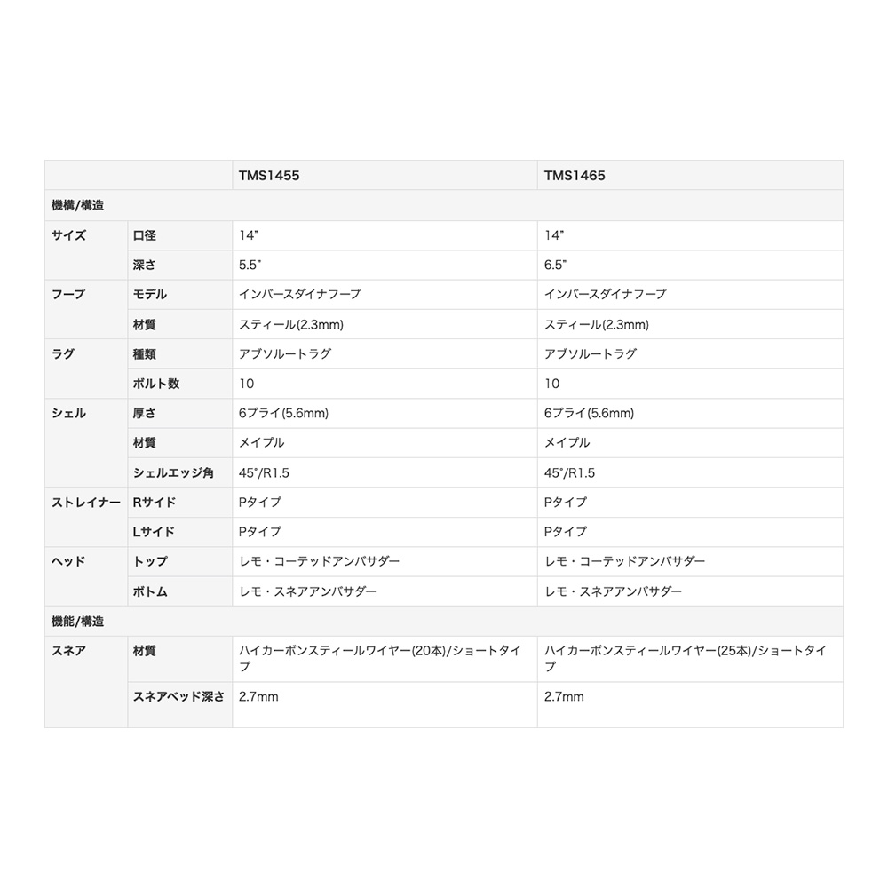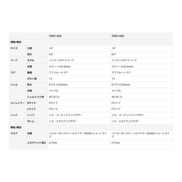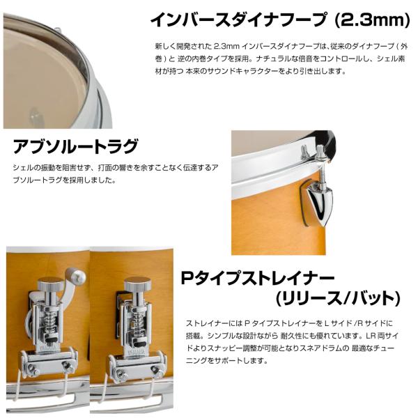 シェル:メイプル6プライ(5.6mm) - シェルエッジ角:45°/R1.5 - スネアベッド:深さ2.7mm
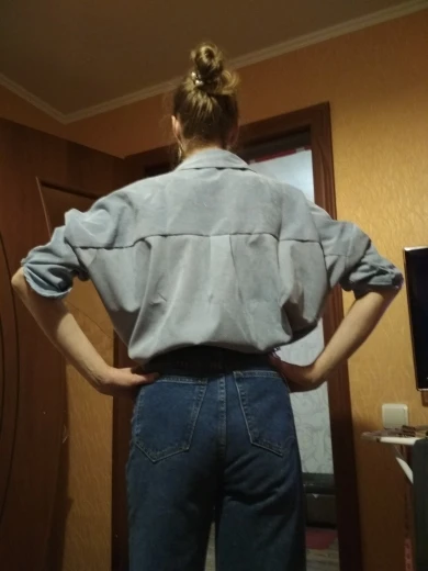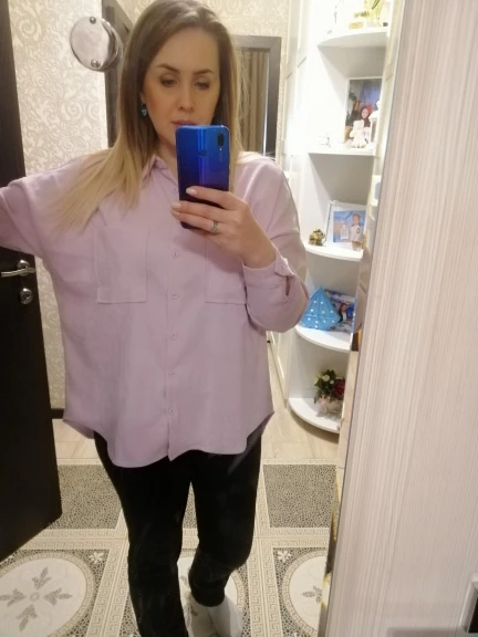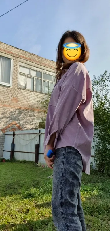 Рубашка - бомба! Особенно за эту цену. Планирую приобрести других цветов. На мой 50й российский размер подошло идеально, оверсайз, длинновато на рост 152см, но это уже дело не в рубашке. Уже стирала раза четыре, никаких катышков, дырок или расползшихся ниток. Классные пуговицы, обтянутые материалом, сразу как-то "подороже" что ли смотрится.
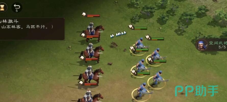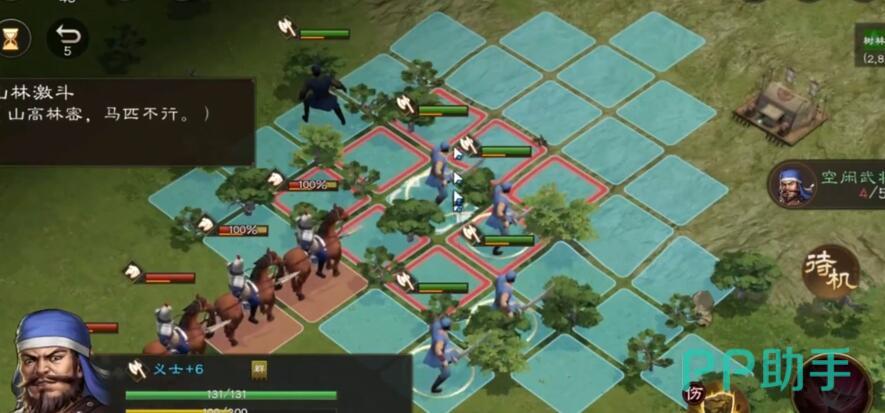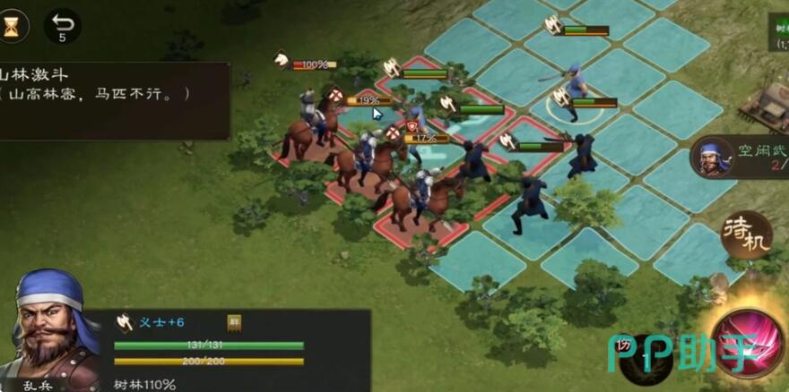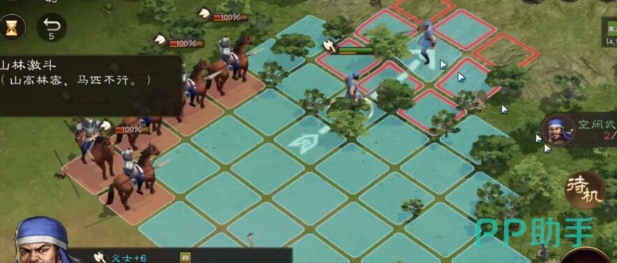 关卡的核心机制在于地形加成与兵种克制。山贼在树林和山地地形可获得10%攻防加成,而骑兵在树林中移动力下降且无法发挥冲锋优势。开局时,玩家需立即将全部山贼单位向地图右侧树林区域集结,利用密集树木形成天然屏障。注意每个山贼最多承受一次骑兵攻击就会阵亡,因此必须确保单位站位保持2格以上间距,避免被连续攻击。
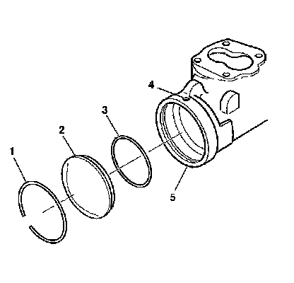4. Install the retaining ring (1). Ensure that the retaining ring open end is approximately 25 mm (1 inch) from the access hole in the steering gear housing (5).
* * * * *
Work to complete: Set down exactly, from the line that contains "关卡的核心机制在于地形加成与" through the last line of the data, each line as it stands, and leave the pictures out.

Written answer:
 关卡的核心机制在于地形加成与兵种克制。山贼在树林和山地地形可获得10%攻防加成,而骑兵在树林中移动力下降且无法发挥冲锋优势。开局时,玩家需立即将全部山贼单位向地图右侧树林区域集结,利用密集树木形成天然屏障。注意每个山贼最多承受一次骑兵攻击就会阵亡,因此必须确保单位站位保持2格以上间距,避免被连续攻击。
4. Install the retaining ring (1). Ensure that the retaining ring open end is approximately 25 mm (1 inch) from the access hole in the steering gear housing (5).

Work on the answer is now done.